While Meta has announced that Sandhya Devanathan—currently VP of its gaming business in the APAC region—will take over as India head in January 2023, it is yet to appoint a replacement for Bose. Meanwhile, Aggarwal has been replaced by Shivnath Thukral, a former business journalist and public policy head at WhatsApp India.
This assumes significance as the social media giant is under increased regulatory scrutiny in India now. The proposed amendments to the IT Act, 2000—currently in draft form and likely to be tabled in Parliament sometime next year—is expected to crack down on the spread of fake news and hold social media companies accountable. The Supreme Court, too, has dismissed pleas by WhatsApp and Meta challenging a Competition Commission of India (CCI) probe into the messaging platform’s 2021 privacy policy. The CCI believes that WhatsApp’s new privacy policy is not about privacy but focussed more on the company’s access to user data and its ability to share it with third parties including its parent company to help monetise and generate revenue through it.

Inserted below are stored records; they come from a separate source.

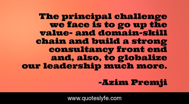 This page presents the quote "The principal challenge we face is to go up the value- and domain-skill chain and build a strong consultancy front end and, also, to globalize our leadership much more.". Author of this quote is Azim Premji. This quote is about challenge, strong, value,.
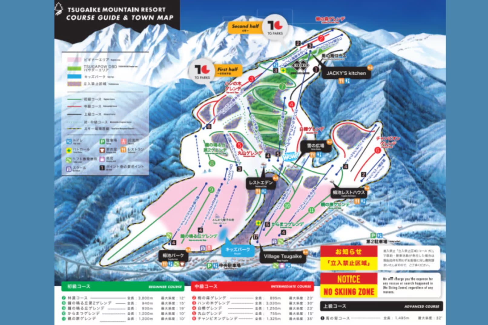 * 츠가이케 마운틴 리조트에서 최대 5,000m 길이의 슬로프와 모든 레벨에 적합한 경사를 즐겨보세요.
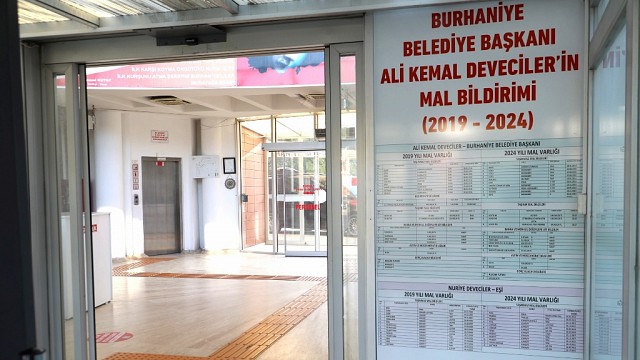 31 Mart Yerel Seçimlerinde Burhaniyeliler tarafından bir dönem daha belediye başkanlık görevine seçilen Burhaniye Belediye Başkanı Ali Kemal Deveciler, 2019 ve 2024 yıllarına ait mal beyanını belediye hizmet binasının giriş kapısına astı. Şeffaf belediyecilik anlayışı ile ilçeyi beş yıldır üstün bir başarı ile yöneten Başkan Deveciler konuşmalarında sıksık vurguladığı "Burhaniye'de tüyü bitmemiş yetimin hakkını kimseye yedirmem" anlayışıyla başkanlığını sürdüreceğini bir kez daha kanıtladı. Eşi ve kendisine ait mal bildirimini içeren detaylı tabloda 2019 ve 2024 yıllarına ait mal varlığı kalem kalem tabloya dökülerek Burhaniye halkının bilgisine sunuldu.
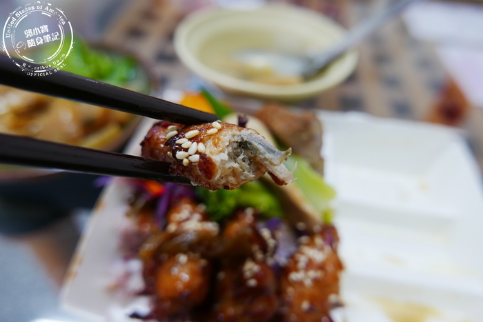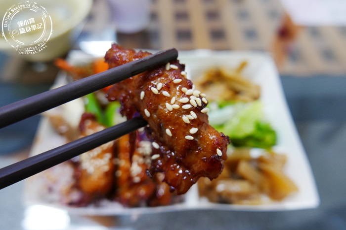 | 素排骨裡有小驚喜唷!一口咬下裡頭咬到一根脆脆的東西,是牛蒡來著,越嚼越香,素排骨吃起來很有味道,炸過的香氣跟蜜汁醬香,在嘴裡好厚實的味道,口感很Q軟有彈性,超級下飯的,真的好好吃唷,外層白芝麻微微點綴增加香氣,店家調味很用心。 |
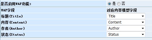 要在某個內(nèi)容模型上同步WAP的內(nèi)容,需要在內(nèi)容模型里開啟WAP功能。如有特別需要的用戶,可設(shè)置WAP字段對應(yīng)的內(nèi)容模型字段。

Meanwhile, Meta has laid off employees and undertaken various cost-cutting measures following its heavy investments into the metaverse project that looks likely to continue for the time being. The company also received an open letter in October from Brad Gerstner, Chairman and CEO, Altimeter Capital, one of its largest shareholders, to reduce headcount and expenses on the metaverse to get its “mojo back”. This was shortly before the company reported a 19 per cent year-on-year rise in operating costs to $22.1 billion in the July-September quarter, led by its investments into the metaverse.
Amidst all this, the incoming leadership at Meta’s India operations will have their hands full in the next few months.